Earlier this month, the American Academy of Pediatrics released their updated recommendations for safe sleep for babies. Officially titled “SIDS and Other Sleep-Related Infant Deaths: Updated 2016 Recommendations for a Safe Infant Sleeping Environment,” the recently-released info detailed 19 best practices for safe sleep and for reducing SIDS.
Read the list below for the 19 recommendations–which include best practices like “back to sleep” and “use a firm surface,” as well as lesser known pieces of info like the importance of tummy time for sleep development and a caution against some commercial monitoring devices–is below, and you can read the official document in its entirety HERE.
To learn more, visit pediatrics.aappublications.org!
1. Back to sleep for every sleep.
2. Use a firm sleep surface.
3. Breastfeeding is recommended.
4. It is recommended that infants sleep in the parents’ room, close to the parents’ bed, but on a separate surface designed for infants, ideally for the first year of life, but at least for the first 6 months.

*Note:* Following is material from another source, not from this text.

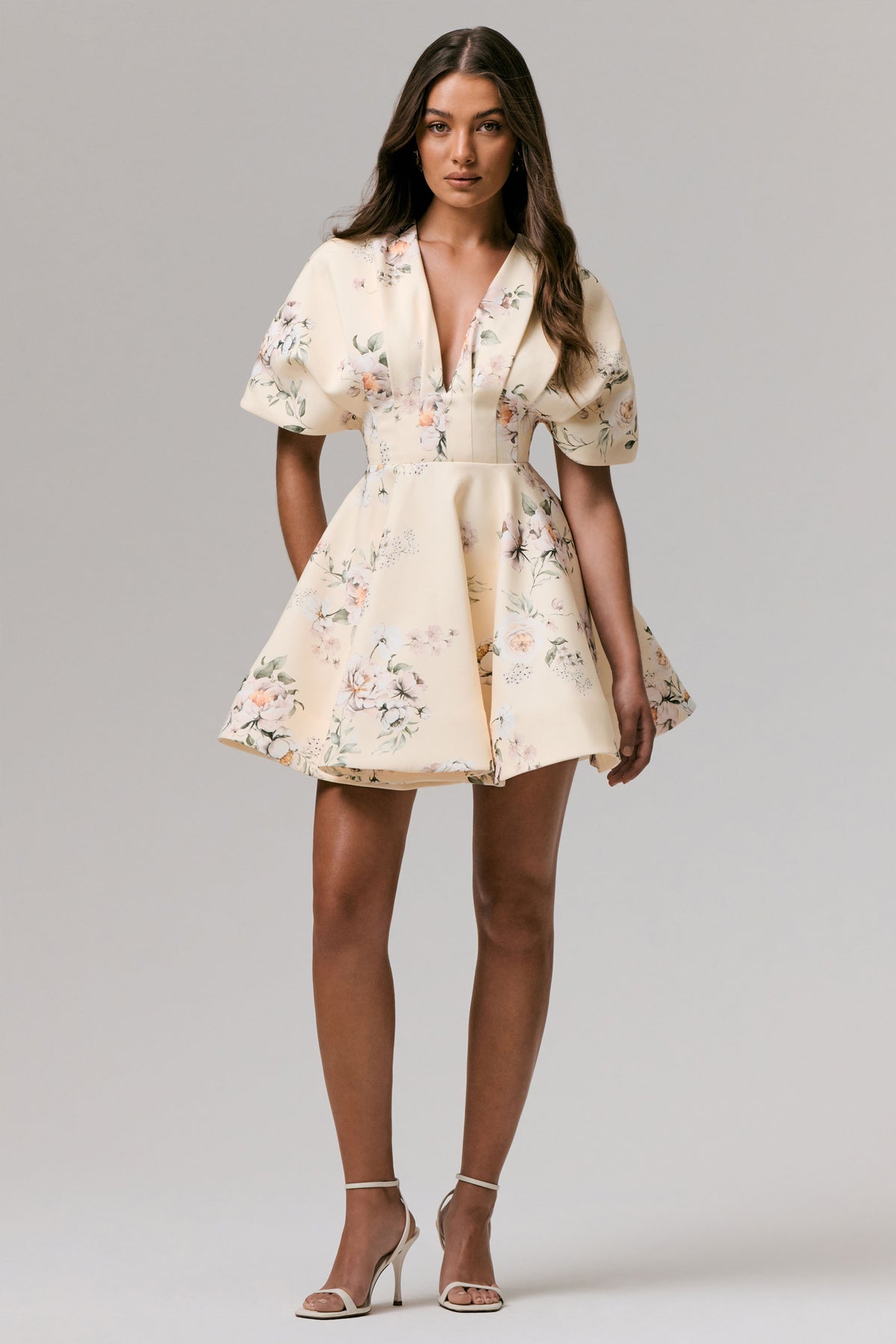 Step into the sunshine with Delight, your ultimate summer statement dress. Crafted in our premium crepe in a delicate lemon print, this mini is all about flirty elegance. Featuring a plunging neckline and voluminous sleeves, this dress is designed to turn heads. The self-tie back detail adds a romantic finish while the playful pleated, skater skirt moves beautifully with every move. Delight is the definition of effortless glam. Perfect for garden parties, bridal brunches, or any moment that calls for something unforgettable.

5. Keep soft objects and loose bedding away from the infant’s sleep area to reduce the risk of SIDS, suffocation, entrapment, and strangulation.
6. Consider offering a pacifier at nap time and bedtime.
7. Avoid smoke exposure during pregnancy and after birth.
8. Avoid alcohol and illicit drug use during pregnancy and after birth.
9. Avoid overheating and head covering in infants.
10. Pregnant women should obtain regular prenatal care.
11. Infants should be immunized in accordance with recommendations of the AAP and Centers for Disease Control and Prevention.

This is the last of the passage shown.